The study showed that pregnant females with advanced maternal age were more likely to undergo a caesarean delivery, than females 20-34 years of age. This may be, according to a Bangladeshi study, due to the higher prevalence of pregnancy induced hypertension, gestational diabetes mellitus or having a bad obstetric history, like previous miscarriages or subfertility. Pregnancy induced hypertension was not significantly different between the two groups in the current study. Weerasekera et al.'s study in 2003 reported a greater incidence of pregnancy induced hypertension (27.3% versus 12%) in pregnancies at 40 years and over. The risk for gestational diabetes mellitus was 1.71 times higher among pregnant females above 40 years in a United States study. The instant study did not show a significant difference between the two groups in terms of the risk for gestational diabetes mellitus. The current study reported a significantly higher risk of preterm delivery in females with advanced maternal age.

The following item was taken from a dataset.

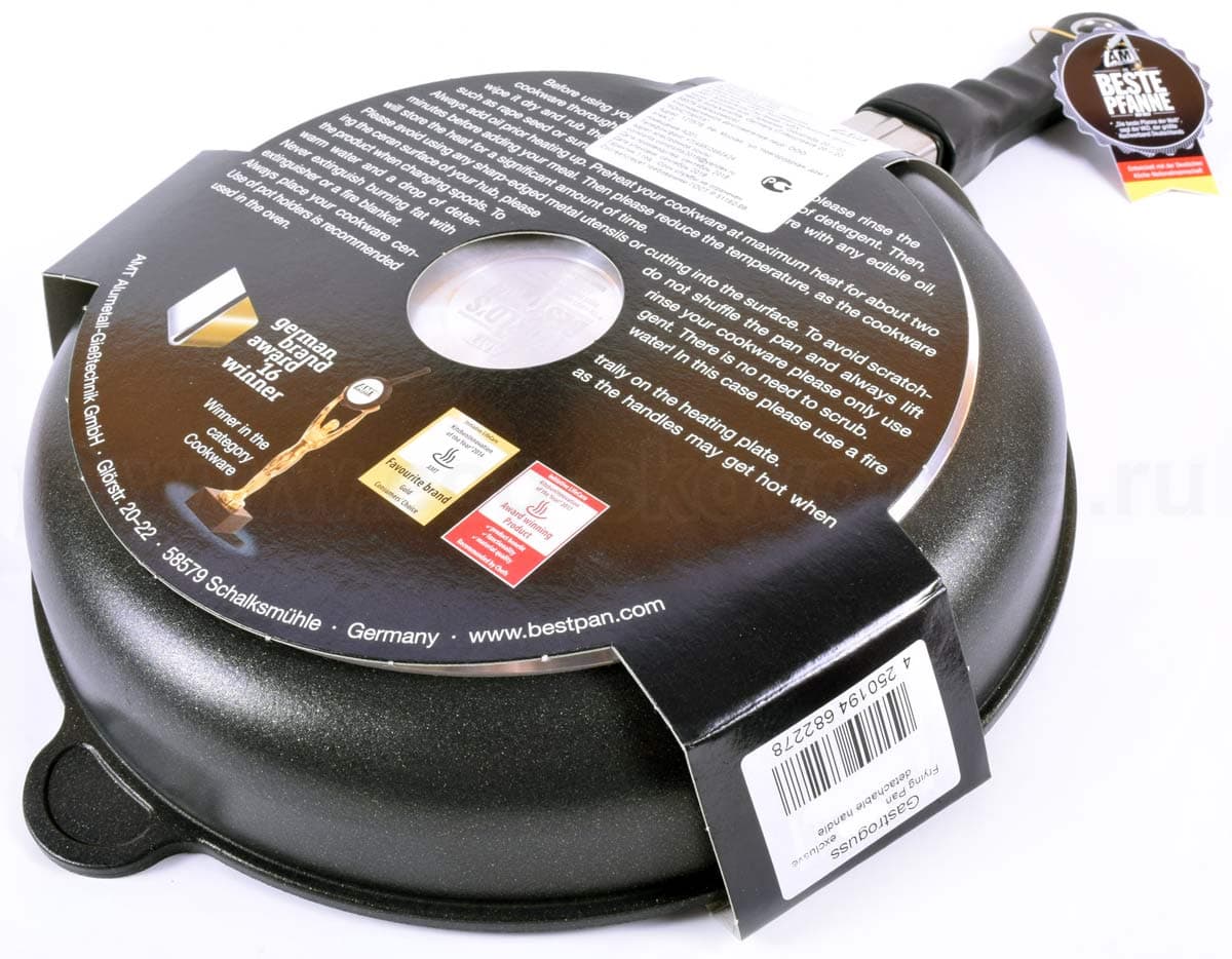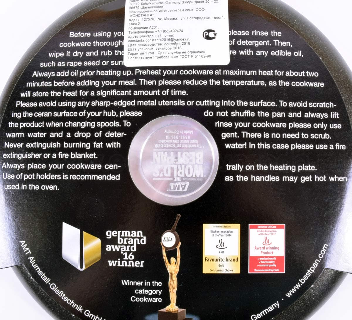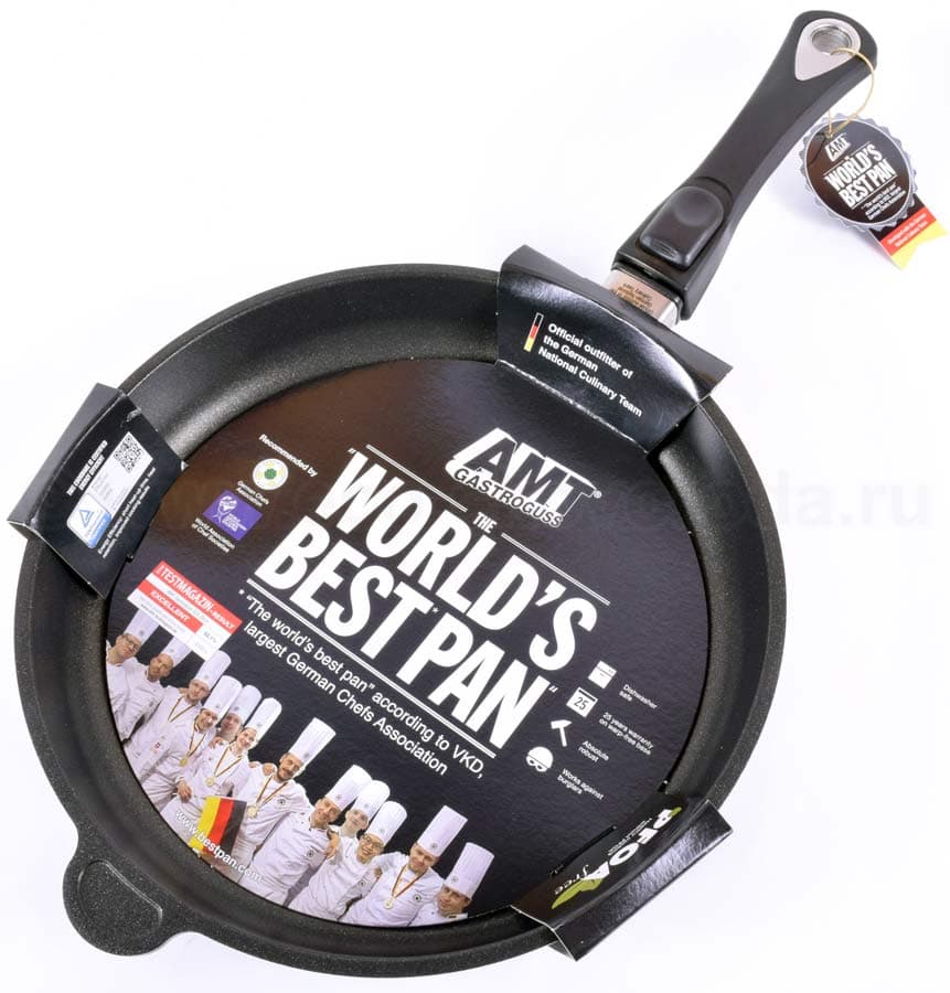 Компания AMT производит всю свою продукцию в Германии под строжайшим контролем над качеством. Каждая литая сковорода AMT GASTROGUSS отливается вручную из алюминиевого сплава высшего сорта. Запатентованный антипригарный слой LOTAN – экологически чистый, обладает антибактериальным эффектом. Шестислойное покрытие делает дно особо прочным, его невозможно деформировать даже при высоких температурах.

The present study showed that advanced maternal age was not a significant risk factor for low birth weight. There was no significant difference in the five minute Apgar score between the advanced maternal age group and the 20-34-year age group in this study population.
Awareness
With expanding opportunities for higher education, careers, and economic independence, more young females tend to delay the childbearing age above 35 years. This study showed that 12.2% of females in advanced maternal age delayed their current pregnancy compared to 3.1% in the 20-34 group; however, the commonest reason for postponement was the partner being away for work. In this study, a significantly greater rate of neonatal unit admissions was noted in the advanced maternal age group compared to the 20-34-year age group with no significant difference in re-admission.

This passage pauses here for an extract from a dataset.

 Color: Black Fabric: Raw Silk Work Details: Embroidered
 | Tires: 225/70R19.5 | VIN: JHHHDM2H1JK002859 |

Jayatunge et al. emphasise that awareness must be raised about the complications associated with advanced maternal age in order to ensure that females make an informed choice about the timing of their pregnancy. "The importance of contraception must be emphasised in females with advanced maternal age in order to prevent unwanted pregnancies. Pregnant females with advanced maternal age should be educated about the higher risk of complications, how to identify them, when to seek help and the importance of meticulous antenatal care so as to improve the maternal and perinatal outcome," Jayatunge et al. noted.